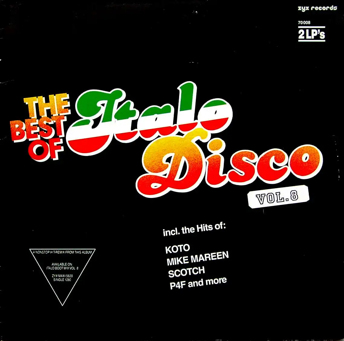 2x LP Album Various - The Best Of Italo Disco Vol. 8, seam split 4cm, Zustand Platte M- Hülle VG; Made in Germany 1987 ZYX Records 70 008, Tracks Solo - Harem 5:36, Jo Rizzo, Linda - Heartflash Tonight 5:58, Pozzoli, Silver - Pretty Baby 5:58, Mareen, Mike - Agent Of Liberty 8:50, One, Albert - For Your Love 5:52, Nasty Boys - I Was Made For Loveing You 7:41, Ark, T. - Count On Me 6:30, Koto - Jabdah 7:34, Cleo - Go Go Dynamo 6:02, Swan - General Custer 7:06, Attack - Can't Stop 7:03, Yellow, Joe - Love at First 6:00, Laser Dance - Powerrun 5:44, Kinky Go - I'm A Winner 7:09, Scotch - Money Runner 6:19, P4F - Diamond 7:18
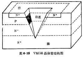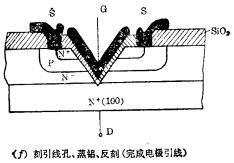 (1)一次氧化在以(100)面的N+-Si为基片的N-外延层上,生长一层二氧化硅掩膜。如图6-26(a)所示。(2)光刻、硼扩散硼扩散,形成衬底P区,扩散深度约为2μm左右。如图6-26(b)所示(3)光刻、磷扩散磷扩散,形成源区,结深约为1μm左右,并作低温淀积,生成二氧化硅保护膜。如图6-26(c)所示。(4)光刻、腐蚀V形槽光刻V形槽窗口,用水合联氨腐蚀V形槽。如图6-26(d)所示。(5)
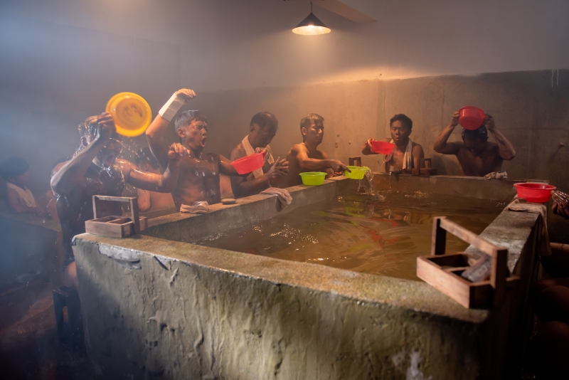礦工收工後的沖澡,是一天中最快活的時光,但對《苦力》演員來說,卻是一大煎熬。劇中的礦工澡堂戲,拍攝時氣溫僅11度,但取景的澡堂沒有熱水,敬業的演員們沖著冷水,演出開心療癒的狀態,再搭配蚊香營造出熱氣瀰漫的樣子,蔡昌憲更要一邊淋冷水一邊歡樂高歌,他坦言:「確實不好拍啊,但看到畫面覺得一切都值得。」傅子純回想起澡堂戲,仍不禁打冷顫,「太冷了,印象很深刻,劇組貼心的幫我們煮熱水增溫,但是水池實在太大,冷水沖下去時,超厭世的。」
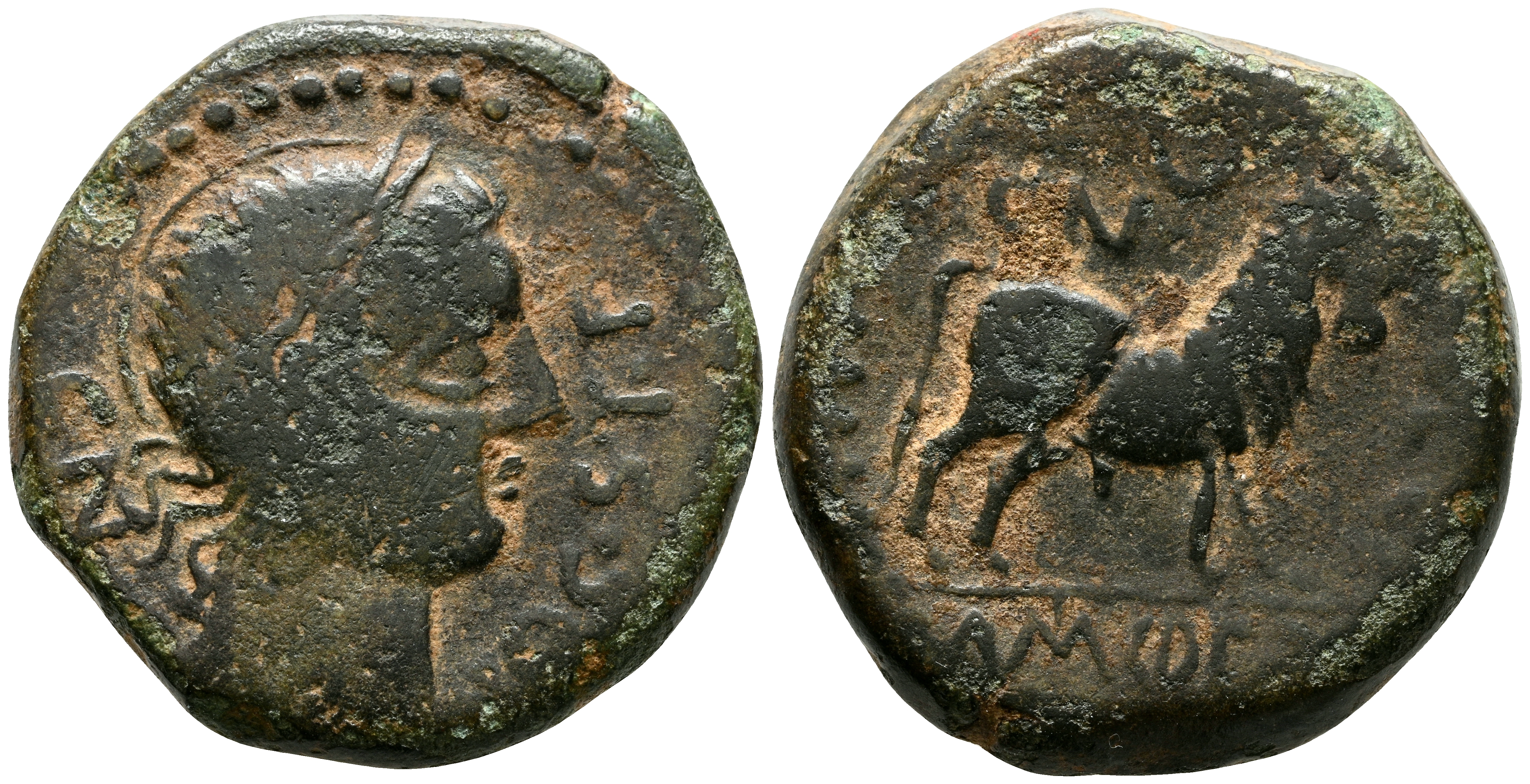 CASTULO (Cazlona, Jaén). Semis. (Ae. 11,63g/25mm). 180 a.C. (FAB-728). Anv: Cabeza masculina diademada a derecha, alrededor leyenda: CN VOC STFR. Rev: Toro a derecha, encima: CN creciente, delante: CN FVL CN F, debajo leyenda ibérica: CaSTeLe. MBC-.
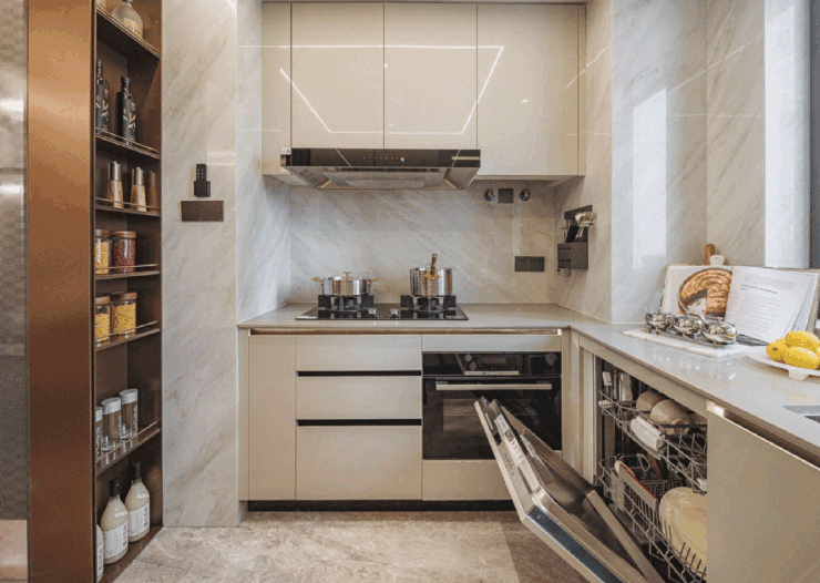 厨房精装产品的使用上,保利精选方太高端系三件套,有效解决中式烹饪过程的油烟烦恼,例如面材采用防油膜更便于清洁 ;手势开机模式令烹饪更便利,定制更适合东方家庭的幸福智慧厨房。

---

### Aim of the exercise
Everything from the top line of the data down to and including the line with "(1)一次氧化在以(100)" is to be copied, except the pictures.

### Finished exercise
 2x LP Album Various - The Best Of Italo Disco Vol. 8, seam split 4cm, Zustand Platte M- Hülle VG; Made in Germany 1987 ZYX Records 70 008, Tracks Solo - Harem 5:36, Jo Rizzo, Linda - Heartflash Tonight 5:58, Pozzoli, Silver - Pretty Baby 5:58, Mareen, Mike - Agent Of Liberty 8:50, One, Albert - For Your Love 5:52, Nasty Boys - I Was Made For Loveing You 7:41, Ark, T. - Count On Me 6:30, Koto - Jabdah 7:34, Cleo - Go Go Dynamo 6:02, Swan - General Custer 7:06, Attack - Can't Stop 7:03, Yellow, Joe - Love at First 6:00, Laser Dance - Powerrun 5:44, Kinky Go - I'm A Winner 7:09, Scotch - Money Runner 6:19, P4F - Diamond 7:18
 (1)一次氧化在以(100)面的N+-Si为基片的N-外延层上,生长一层二氧化硅掩膜。如图6-26(a)所示。(2)光刻、硼扩散硼扩散,形成衬底P区,扩散深度约为2μm左右。如图6-26(b)所示(3)光刻、磷扩散磷扩散,形成源区,结深约为1μm左右,并作低温淀积,生成二氧化硅保护膜。如图6-26(c)所示。(4)光刻、腐蚀V形槽光刻V形槽窗口,用水合联氨腐蚀V形槽。如图6-26(d)所示。(5)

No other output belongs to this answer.